Facebook, as hard as it might be to believe, is far more interested in you as a potential advertising target than as a user. That’s how the company makes its money, after all — by serving advertisements up to neatly-catalogued eyeballs. So it should come as no surprise that Facebook is going to be introducing a whole lot more ads to videos posted to the social network.

That’s the word according to Re/Code, which cites unnamed “Industry sources” as saying that the social network is going to be testing ads that play mid-stream on Facebook videos. Not just anyone’s videos, though, so you can relax. Facebook isn’t going to be injecting advertising into your personal footage unless you want that to happen.

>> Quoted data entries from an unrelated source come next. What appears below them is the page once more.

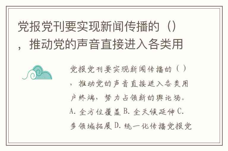 党报党刊要实现新闻传播的(),推动党的声音直接进入各类用户终端,努力占领新的舆论场。A.全方位覆盖 B.全天候延伸 C.多领域拓展 D.统一化传播
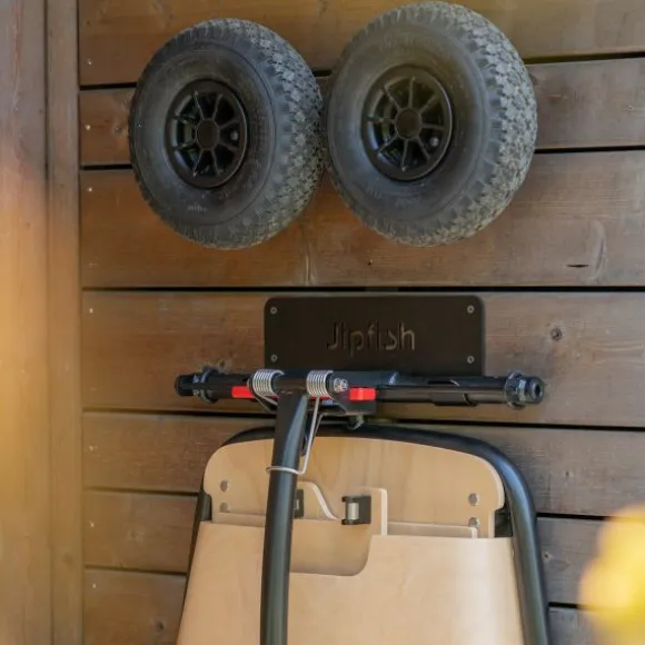 Met de Jipfish Wandhaak – Black berg je je Jipfish Wagon efficiënt op zonder ruimte te verspillen. Dit slimme haaksysteem is ontworpen om de wagon plat tegen elke muur te hangen – inclusief de wielen – zodat hij nooit in de weg staat. De set bestaat uit stevige metalen haken met een strak design en subtiel Jipfish-logo. Ideaal voor in de schuur, garage of hal. Zo blijft je wagon netjes opgeborgen én altijd binnen handbereik.
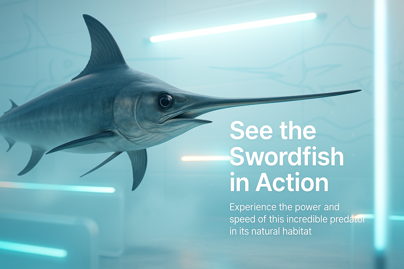 /Collection: /by davooda/Type: PNG/A striking 3D render of a swordfish showcased in a contemporary exhibit environment, highlighting its natural habitat and predatory nature, ideal for educational or promotional use.
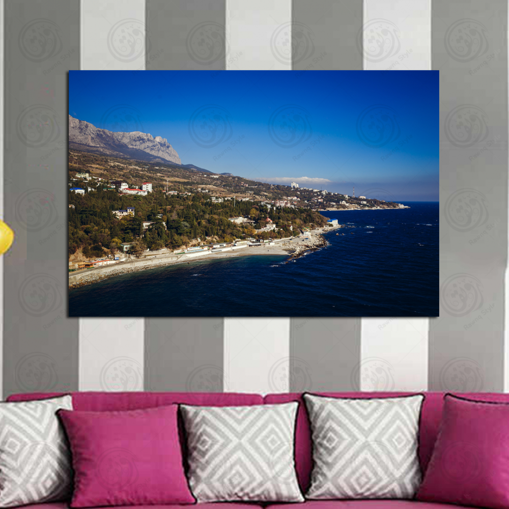 Painting panoramic view from the sea to the city at the foot of the mountains - E1PR-15627
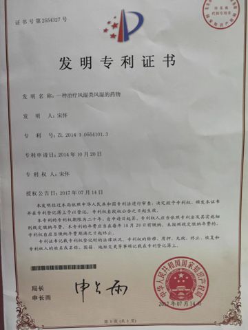 從此我的名聲越來越大,越傳越遠(yuǎn)。二十幾年的時(shí)間,風(fēng)濕和類風(fēng)濕的病治療很多,而且效果很好。2014年我申請(qǐng)了專利,2017年獲得國家知識(shí)產(chǎn)權(quán)局頒發(fā)的《發(fā)明專利證書》,生產(chǎn)消字號(hào)“風(fēng)毒液”。2018年,由陜西中燁藥業(yè)有限公司備案為械備字號(hào)“筋骨冷敷凝膠”,并簽訂產(chǎn)品質(zhì)量保證協(xié)議書,投入生產(chǎn)。

Instead, video publishers will be able to elect to feature ads part-way through content hosted on Facebook. Unusually, Mark Zuckerberg won’t allow pre-roll videos, of the sort we’re used to on YouTube, on the service. We can sort of see his point though — watchers will be more inclined to sit through an ad if they’re already invested in something they’re watching. Or it could, you know, backfire and the service will be littered with partly-watched videos. We’ll have to see how that works out.

The ads, payment for which will be split between Facebook and publishers (with publishers scooping up 55% of sales), will only run on videos longer than 90 seconds and will only kick in once watchers have passed the 20-second mark. We can be sure that there will be more video than advert at any given time, then.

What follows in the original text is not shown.